Dataset excerpt:
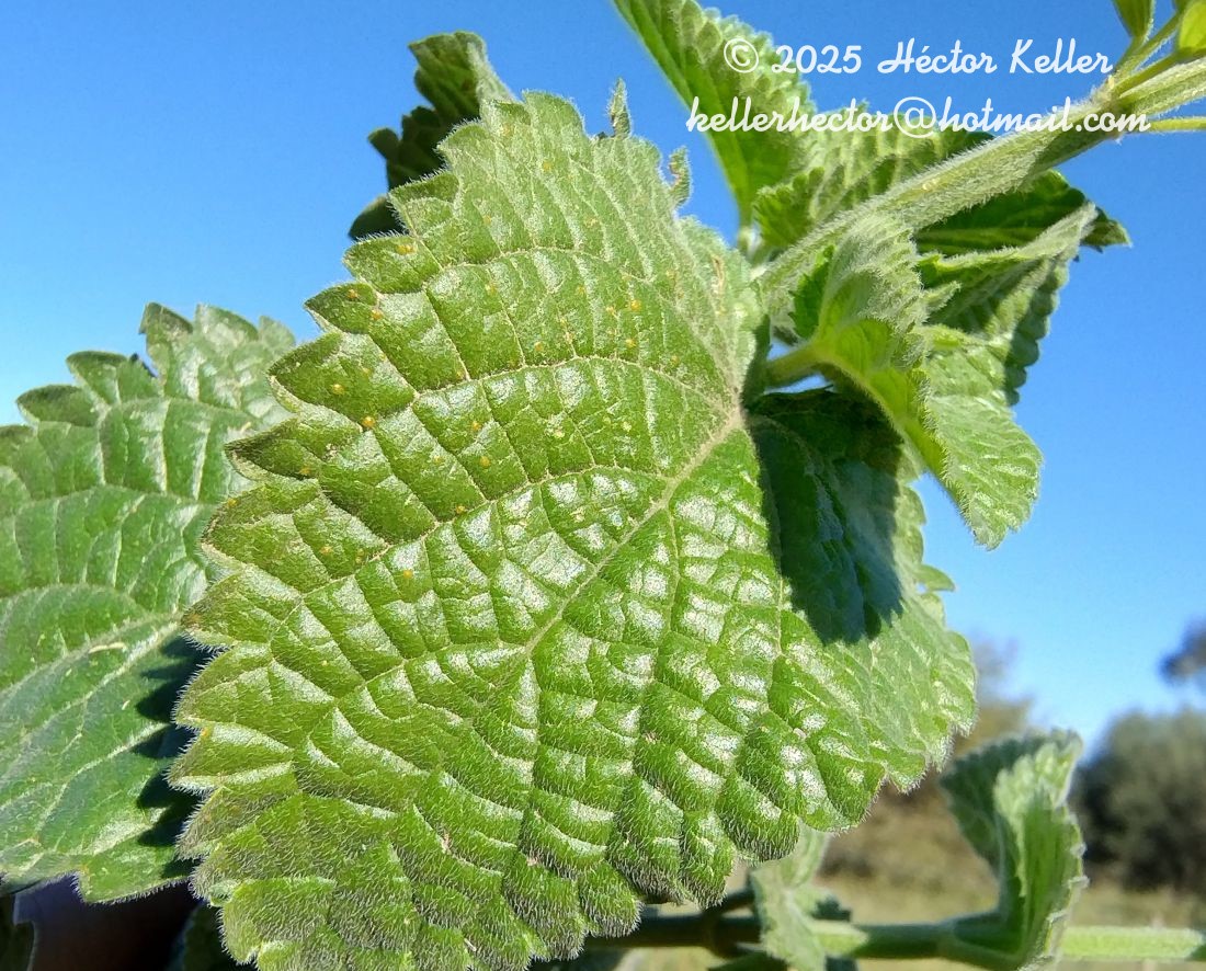 Sufrútices erectos, hasta de 80 cm de alto, con pubescencia glandular abundante o no. Hojas con pecíolos de 0,2-1,5 cm de largo; láminas ovado-triangulares, de 1-4,5 × 1-3,5 cm, base cordada, ápice agudo, margen aserrado, pubescente, más densamente en la cara abaxial, con escasos a densos pelos glandulares, a veces con aspecto incano. Verticilastros de 4-6 flores, reunidos en pseudoracimos terminales laxos, de 10-20 cm de largo. Brácteas florales persistentes en antesis, ovadas, de 4-7 mm de largo, pubescentes, no amplexicaules, de color verde. Flores con pedicelo de 2-5 mm de largo. Cáliz de 7-8 mm de largo, 5-nervado, labio superior de ápice entero, labio inferior de ápice 2-dentado, pubescencia variable, con pelos glandulares en la cara externa, la cara interna pubescente en la mitad superior. Corola celeste claro a lila, con mácula blanca o blanquecina, de 12-15 mm de largo, tubo de 7-8 mm de largo, pubescente en la mitad superior externa, labio superior de 3-5 mm de largo, cóncavo, entero o emarginado, labio inferior de 5-9 mm, trilobado, el medio mayor y emarginado. Estambres inclusos. Estilo exerto hasta de 10 mm de largo. Clusas elipsoides, de 2- 3 mm de largo, trígonas, pardas, lisas o finamente granulosas.
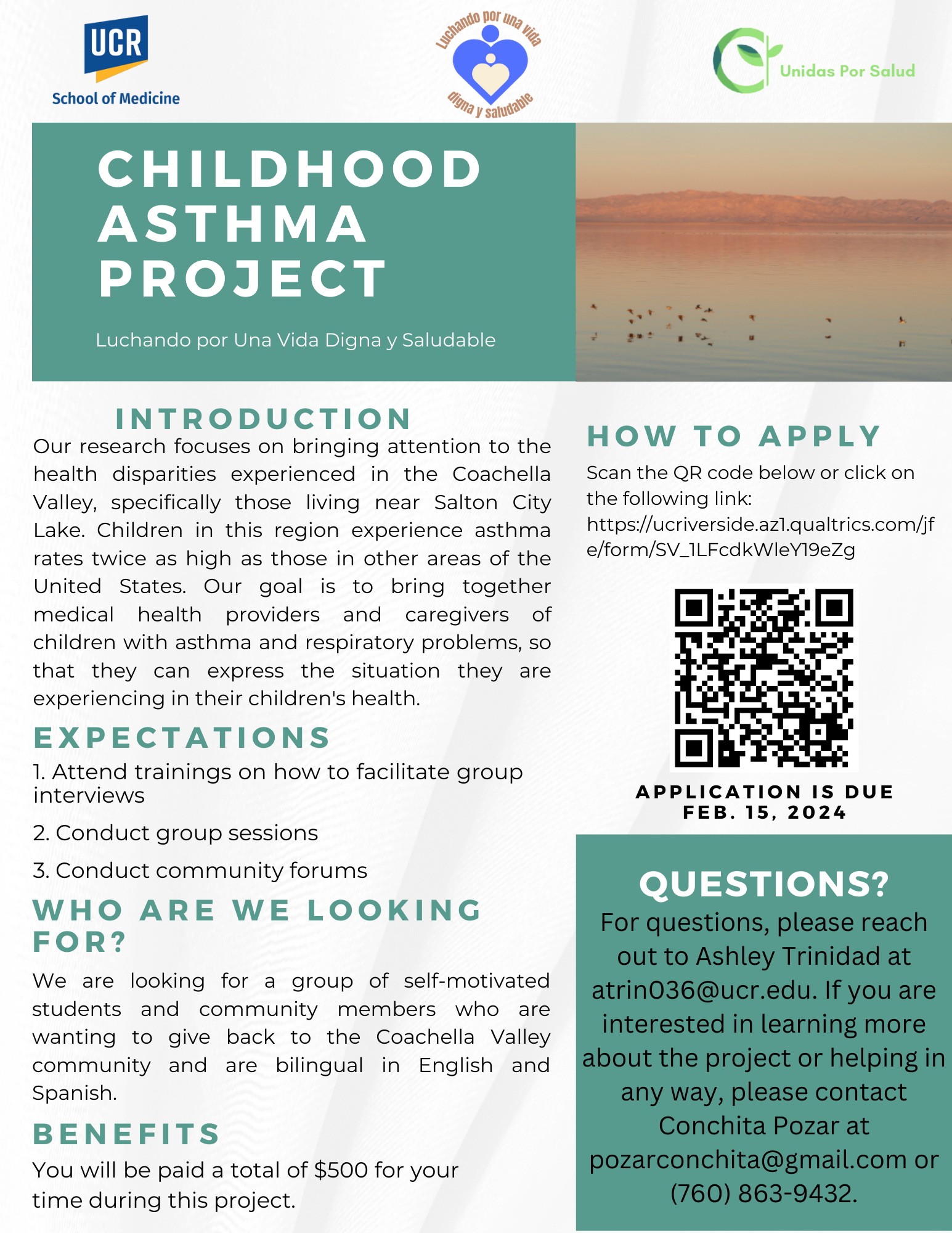 the Salton Sea. Selected facilitators will participate in a training
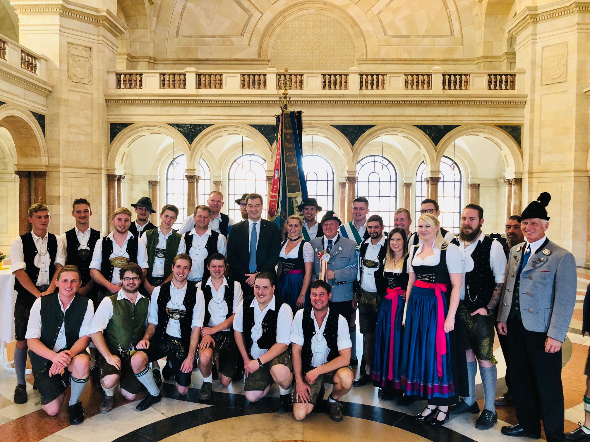 Gruppenbild des Katholischen Burschenvereins mit Ministerpräsident Dr. Markus Söder und 2. Bürgermeister der Gemeinde Eggstätt, Christian Glas
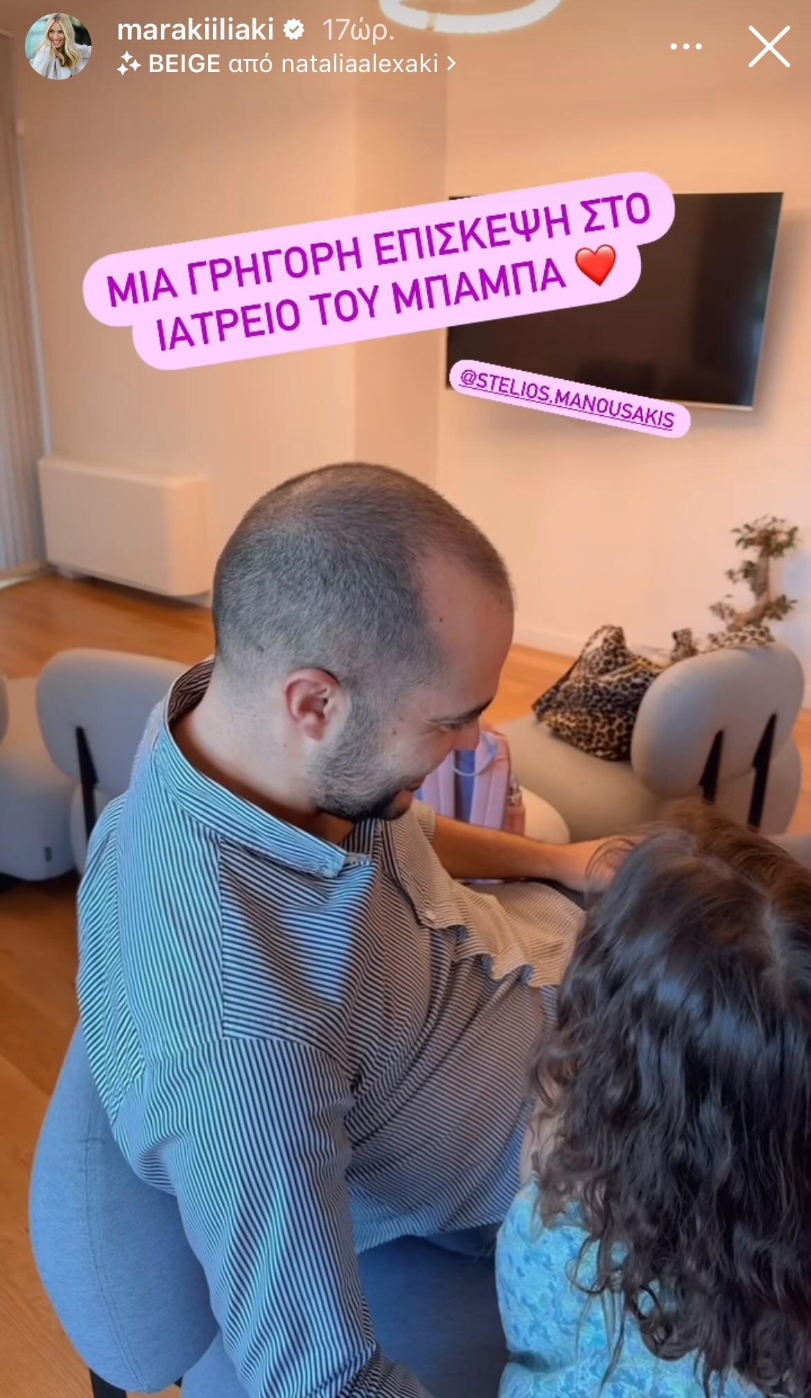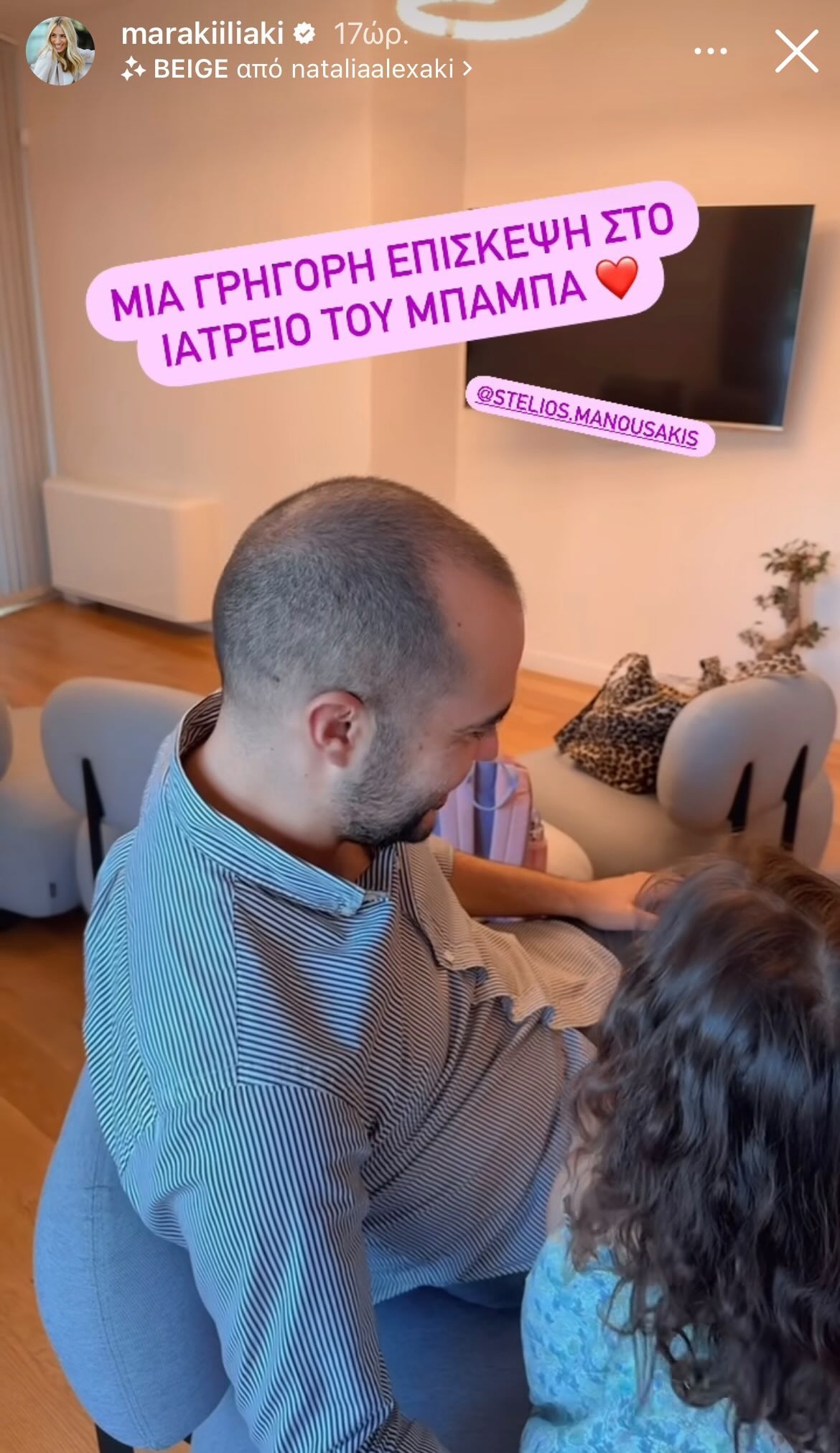Μαμά και κόρη είναι αχώριστες και εκτός σπιτιού και όπως φαίνεται κάνουν κάποιες απρόσμενες αλλά «γλυκές» επισκέψεις στο γραφείο του μπαμπά της Κατερίνας και συζύγου της Μαρίας Ηλιάκη, στον Στέλιο Μανουσάκη. Ο ίδιος είναι πολύ γνωστός γυναικολόγος.

Problem to work on: Reproduce every line above as written, skipping pictures.

Solved exercise:
 Sufrútices erectos, hasta de 80 cm de alto, con pubescencia glandular abundante o no. Hojas con pecíolos de 0,2-1,5 cm de largo; láminas ovado-triangulares, de 1-4,5 × 1-3,5 cm, base cordada, ápice agudo, margen aserrado, pubescente, más densamente en la cara abaxial, con escasos a densos pelos glandulares, a veces con aspecto incano. Verticilastros de 4-6 flores, reunidos en pseudoracimos terminales laxos, de 10-20 cm de largo. Brácteas florales persistentes en antesis, ovadas, de 4-7 mm de largo, pubescentes, no amplexicaules, de color verde. Flores con pedicelo de 2-5 mm de largo. Cáliz de 7-8 mm de largo, 5-nervado, labio superior de ápice entero, labio inferior de ápice 2-dentado, pubescencia variable, con pelos glandulares en la cara externa, la cara interna pubescente en la mitad superior. Corola celeste claro a lila, con mácula blanca o blanquecina, de 12-15 mm de largo, tubo de 7-8 mm de largo, pubescente en la mitad superior externa, labio superior de 3-5 mm de largo, cóncavo, entero o emarginado, labio inferior de 5-9 mm, trilobado, el medio mayor y emarginado. Estambres inclusos. Estilo exerto hasta de 10 mm de largo. Clusas elipsoides, de 2- 3 mm de largo, trígonas, pardas, lisas o finamente granulosas.
 the Salton Sea. Selected facilitators will participate in a training
 Gruppenbild des Katholischen Burschenvereins mit Ministerpräsident Dr. Markus Söder und 2. Bürgermeister der Gemeinde Eggstätt, Christian Glas
Μαμά και κόρη είναι αχώριστες και εκτός σπιτιού και όπως φαίνεται κάνουν κάποιες απρόσμενες αλλά «γλυκές» επισκέψεις στο γραφείο του μπαμπά της Κατερίνας και συζύγου της Μαρίας Ηλιάκη, στον Στέλιο Μανουσάκη. Ο ίδιος είναι πολύ γνωστός γυναικολόγος.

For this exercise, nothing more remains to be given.